Иногда перед сном Ленин вдруг брал с полки альбом с семейными фотографиями, долго, молча перелистывал, поглаживал пальцем лица матери, отца, братьев, сестер, вглядывался в кудрявого, ангельски хорошенького мальчика, которым он был когда-то, и по щекам его текли настоящие, крупные слезы.
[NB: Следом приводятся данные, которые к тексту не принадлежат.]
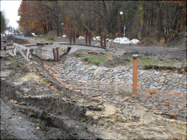 Strumyk gotowyW tej chwili pracownicy kończą porządkować teren na „górce”, gdzie wybudowano schody. To właśnie tam zostanie umieszczona jedna z rzeźb autorstwa profesora Stanisława Magdziaka. Wyłożony kamieniem łupkowym został również strumień i trzeba przyznać że efekt tych prac wygląda bardzo pozytywnie. Po zakończeniu prac, trudno będzie rozpoznać że strumyk jest sztucznym „tworem”. Nad ciekiem wodnym wybudowano dwa mostki z granitu. Teren w tej chwili wymaga jeszcze uporządkowania a trzeba dodać że do zrobienia jest sporo – łącznie z nasadzeniem roślinności. Do ustawienia, oprócz samych rzeźb, są także granitowe ławki. Wzdłuż głównej alei podłączone zostanie nowe oświetlenie, które jest już ustawione. Jeżeli wszystkie prace przebiegną pomyślnie, park w całej okazałości, wraz ze strumieniem pełnym wody i fontanną, ujrzymy wiosną.
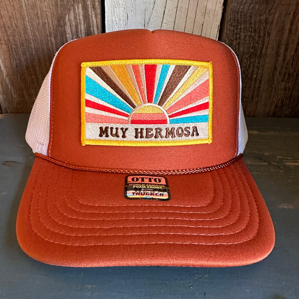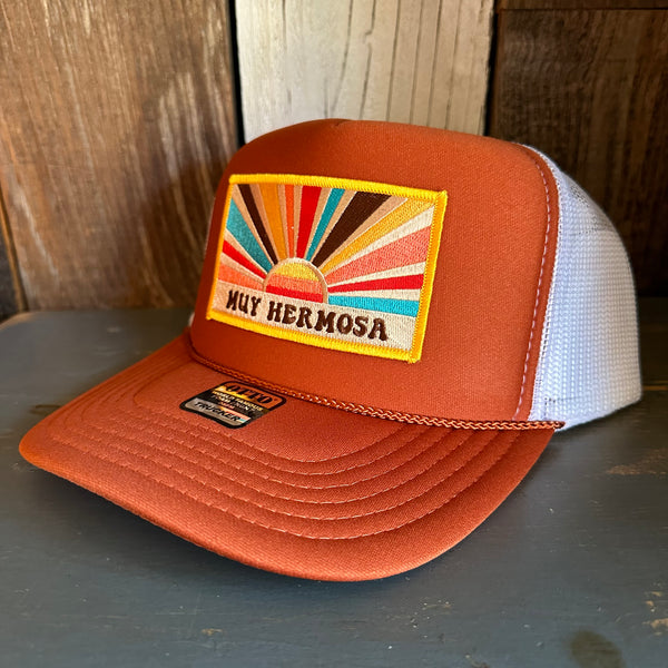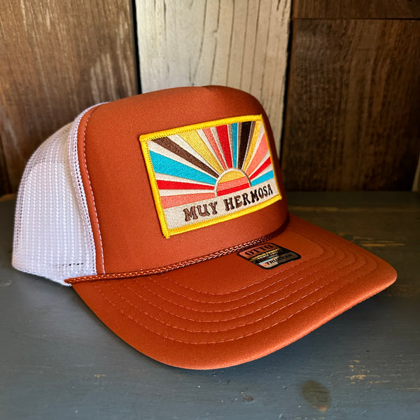 Hermosa Beach MUY HERMOSA High Crown Trucker Hat - Texas Orange/White
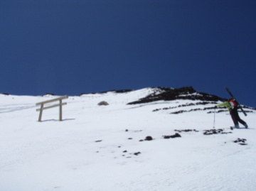 | 今シーズンのラストスキーもやっぱり富士山! 昨年は富士宮からだったので今回は反対の吉田大沢に照準を合わせる。 なんせこの山は天候に左右されるので土曜と日曜のお天気がいい方に登ることにして計画をたてる。 前日の天気予報では土曜日の方に分がありそうなので富士ビジターセンターに4時半集合ってことで現地に向かった。 大阪を夜の10時に出発し高速を飛ばして富士ビジターセンターに着いてみると夜間は駐車場閉鎖になっていた(;◇;) とりあえずそこから10分くらいの距離にある道の駅「かつやま」に移動し集合場所変更の連絡をみなに送る。 それでもだいたい予定通りの時間に全員集合、通行料対策でクルマを2台に整理してスバルラインの五合目を目指す。 空は快晴。目の前に富士山がどか〜んと見えている。 何度見てもそのスケール感には圧倒される。 計画ではクラスト対策のため6時歩き出しで頂上まで到達しなくても12時〜1時の間に滑降開始! さて、がんばって頂上を目指そう。五合目駐車場を出発しお土産屋さん群を通り過ぎるとすぐに通行止めの柵がある。 ここは柵の横の隙間から通り抜けて六合目を目指す。このあたりからすでに雪が出てくる。定説通り暖冬の年は富士山の雪が豊富だ。 30分ほどで六合目に到着。ここから頂上までは各自バラバラで登ることにする。 富士登山は自分との戦いの要素が強いので、それぞれのペースで登るのがベストだ。まあ修行みたいなもんだ。 最終集合時間の打ち合わせをしてバラバラに登りはじめる。 しばらく夏道通りつづら折れに登って行くと七合目の小屋群に到着。このあたりから雪の上を歩くようになる。 つぼ足でステップをきりながら夏道をショートカットし直登していくがだんだん雪が固くなってきたのでアイゼンを着ける。 右手には広大な吉田大沢の斜面が見えている。 八合目最初の小屋である太子館まで登ると徐々に風が出てきた。 クラスト斜面にアイゼンがよく効いている。 ときおりふく強風に立ち止まりながらも確実に高度を上げていく。本八合目に着くと頂上が見えてくる。 見えていても富士山はここからが長い。 睡眠不足と酸素不足でどんどんペースが遅くなる。 後ろを歩いていたかっきーがへろへろペースに痺れを切らしてどんどん先にいってしまった(;◇;) このあたりになると息が苦しく10歩以上連続で歩けない。 九合目の鳥居を過ぎ、目指す頂上はすぐそこに見えているのにぜんぜん近づいてこない(>◇<) 先に登りきったかっきーが手を振っている。結局最後までへろへろペースだったが無事に吉田口頂上(3710m)に到着。 お釜をはさんで反対側に最高峰が見えている。頂上は比較的風が弱くのんびりとした気分で後続を待つ。 |

Он шумно сморкался, мягкий курносый нос краснел, он поднимал лицо, глядел в стену, и глаза его, обычно узкие, сощуренные, становились огромными, как блюдца.
Такими же огромными стали эти глаза, когда однажды Ленин развернул очередное послание от Бокия. Клочок бумаги выпал из толстых пальцев, подхваченный легким сквозняком, пролетел в другой конец кабинета.
– Проститутка! Сволочь! Предатель! – выкрикнул вождь, побагровел и стал заваливаться на бок.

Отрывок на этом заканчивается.